── Provided data ──

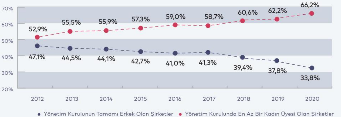
Yıllar İtibarıyla Yönetim Kurullarında Kadın Üye Olan/Olmayan BIST Şirketleri (2012-2020)

2012-2020 yılları arasında yönetim kurullarında en az bir kadın üyesi olan şirketlerin oranında 2019 yılında olduğu gibi yavaş ama olumlu bir değişim gerçekleşti, 2020 yılında yönetim kurullarının tamamı erkek olan şirketlerin oranı %33,8'e düştü.
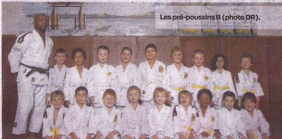
Les pré-poussins B.
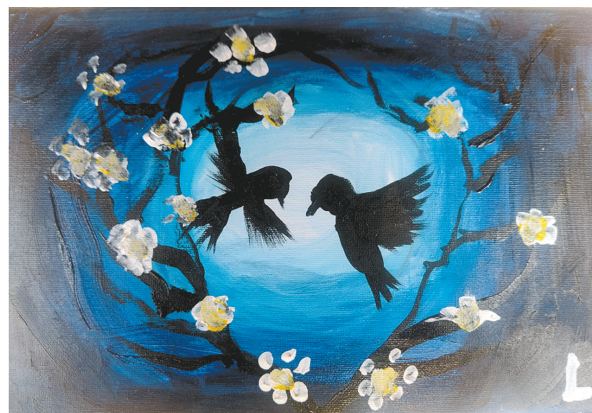
燕儿归来 东环路小学二(2)班 罗羿
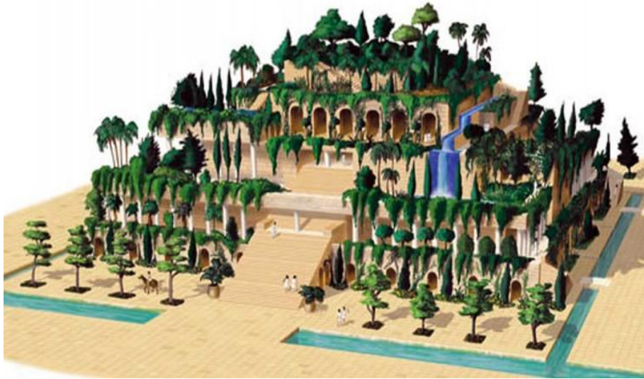
Slika 3. Babilonski viseći vrtovi.

Nakon Nebukadnezarove smrti, perzijski kralj Kir je zauzeo Malu Aziju i opkolio babilonsku državu sa svih strana. Na Iranskom visočju se uzdigla perzijska država. Kralj Kir je uništio babilonsku vojsku. Naime, Babilonci su bili svjesni da je Perzija jaka država i da im je bolje da budu s njome u dobrim odnosima zbog trgovine. Jedne večeri babilonska je vojska bila pozvana na svečanost i u gradu su ostali samo svećenici i trgovci. Kralj Kir je bez problema ušao na otvorena vrata kroz gradske zidine u Babilon i zbog vlastitih interesa svećenici su mu ga predali bez ikakve borbe. 26
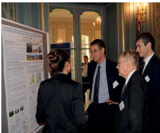
Workshop du fonds de recherche Enerbio à Vert-Mont (Fondation Tuck)

A lors que la Fondation est entièrement dédiée à des actions philanthropiques et reconnue comme telle par l'administration française, elle dépend des dons qui lui sont faits et ne dispose pas de dotation en capital. C'est uniquement grâce à de nombreux donateurs industriels, en France, en Europe et ailleurs, notamment des secteurs de l'énergie et des transports, que ses actions sont possibles et qu'elle est en mesure d'entretenir et de développer ce lieu magnifique, le Château de Vert-Mont , dont la vocation est d'encourager l'enseignement, la recherche et le dialogue scientifique.
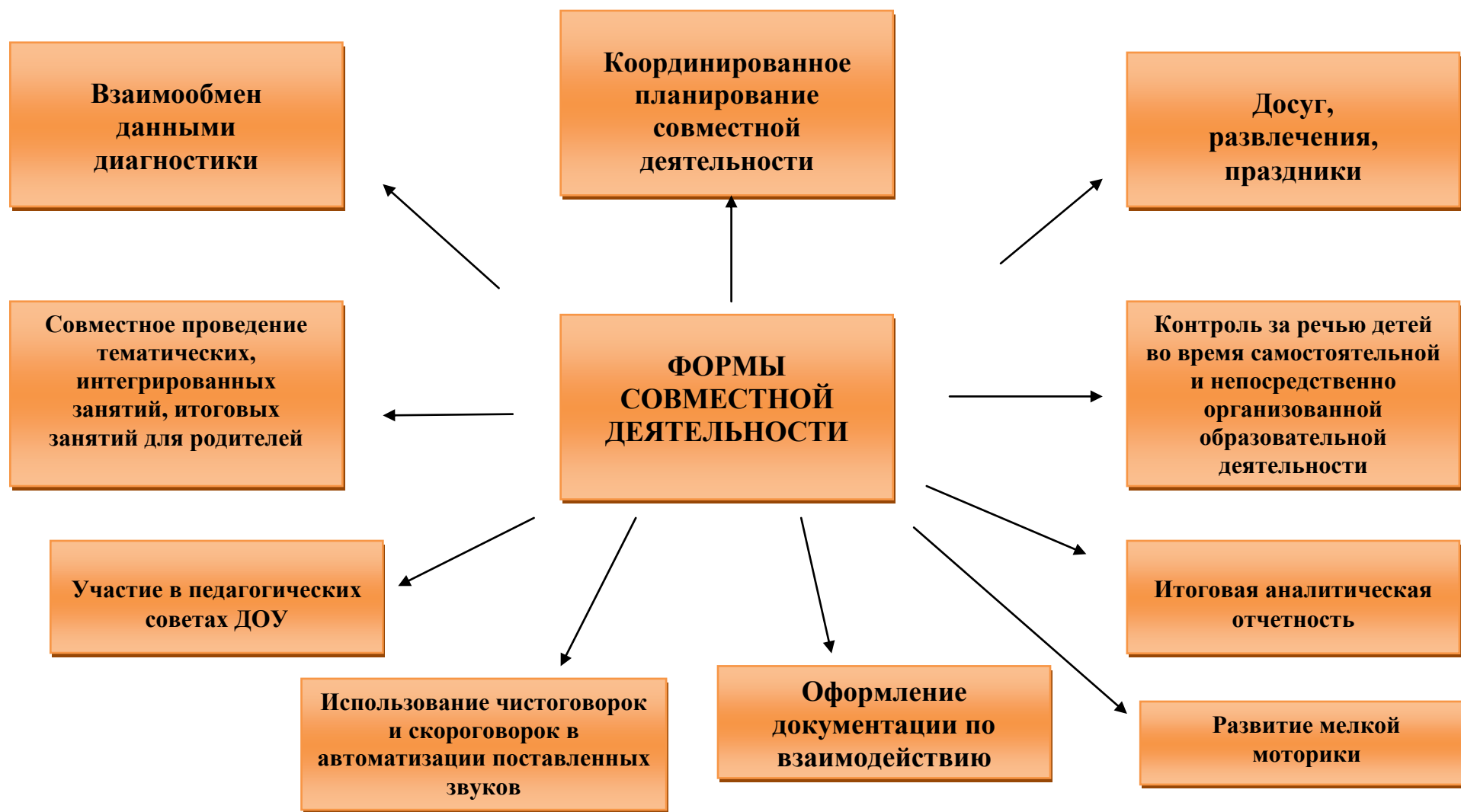
Схема взаимодействия учителя – логопеда и воспитателя
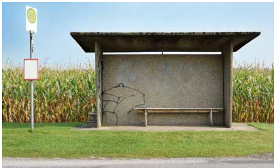
Aufgrund des demografischen Wandels wird die Entleerung des ländlichen Raums zunehmend ein Problem.
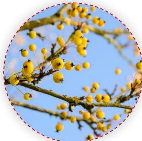
Malus toringo - díszalma
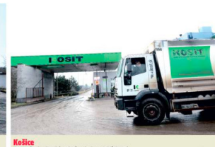
Košice Tam Košíc odpadá papajka, v Prešove by mal skládovať.
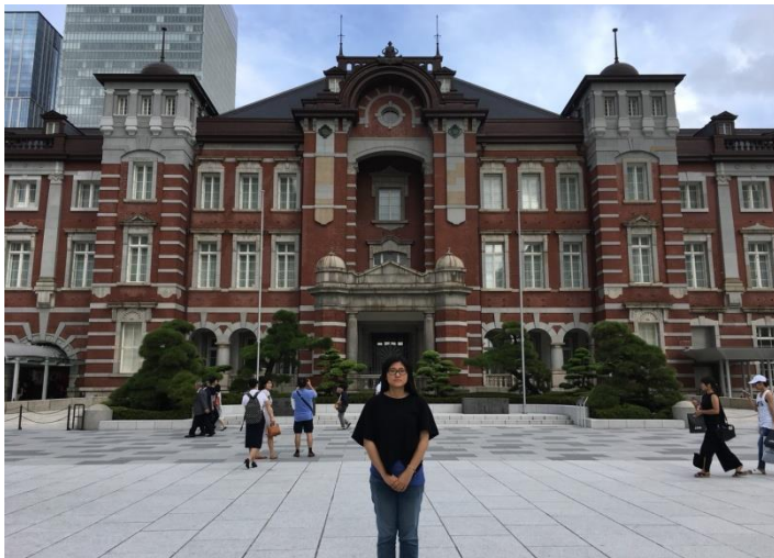
圖五、造訪東京車站

───

■ Task description:
Could all the data above be given again exactly, leaving out its images?

■ Solution for this task:
Yıllar İtibarıyla Yönetim Kurullarında Kadın Üye Olan/Olmayan BIST Şirketleri (2012-2020)

2012-2020 yılları arasında yönetim kurullarında en az bir kadın üyesi olan şirketlerin oranında 2019 yılında olduğu gibi yavaş ama olumlu bir değişim gerçekleşti, 2020 yılında yönetim kurullarının tamamı erkek olan şirketlerin oranı %33,8'e düştü.
Les pré-poussins B.
燕儿归来 东环路小学二(2)班 罗羿
Slika 3. Babilonski viseći vrtovi.

Nakon Nebukadnezarove smrti, perzijski kralj Kir je zauzeo Malu Aziju i opkolio babilonsku državu sa svih strana. Na Iranskom visočju se uzdigla perzijska država. Kralj Kir je uništio babilonsku vojsku. Naime, Babilonci su bili svjesni da je Perzija jaka država i da im je bolje da budu s njome u dobrim odnosima zbog trgovine. Jedne večeri babilonska je vojska bila pozvana na svečanost i u gradu su ostali samo svećenici i trgovci. Kralj Kir je bez problema ušao na otvorena vrata kroz gradske zidine u Babilon i zbog vlastitih interesa svećenici su mu ga predali bez ikakve borbe. 26
Workshop du fonds de recherche Enerbio à Vert-Mont (Fondation Tuck)

A lors que la Fondation est entièrement dédiée à des actions philanthropiques et reconnue comme telle par l'administration française, elle dépend des dons qui lui sont faits et ne dispose pas de dotation en capital. C'est uniquement grâce à de nombreux donateurs industriels, en France, en Europe et ailleurs, notamment des secteurs de l'énergie et des transports, que ses actions sont possibles et qu'elle est en mesure d'entretenir et de développer ce lieu magnifique, le Château de Vert-Mont , dont la vocation est d'encourager l'enseignement, la recherche et le dialogue scientifique.
Схема взаимодействия учителя – логопеда и воспитателя
Aufgrund des demografischen Wandels wird die Entleerung des ländlichen Raums zunehmend ein Problem.
Malus toringo - díszalma
Košice Tam Košíc odpadá papajka, v Prešove by mal skládovať.
圖五、造訪東京車站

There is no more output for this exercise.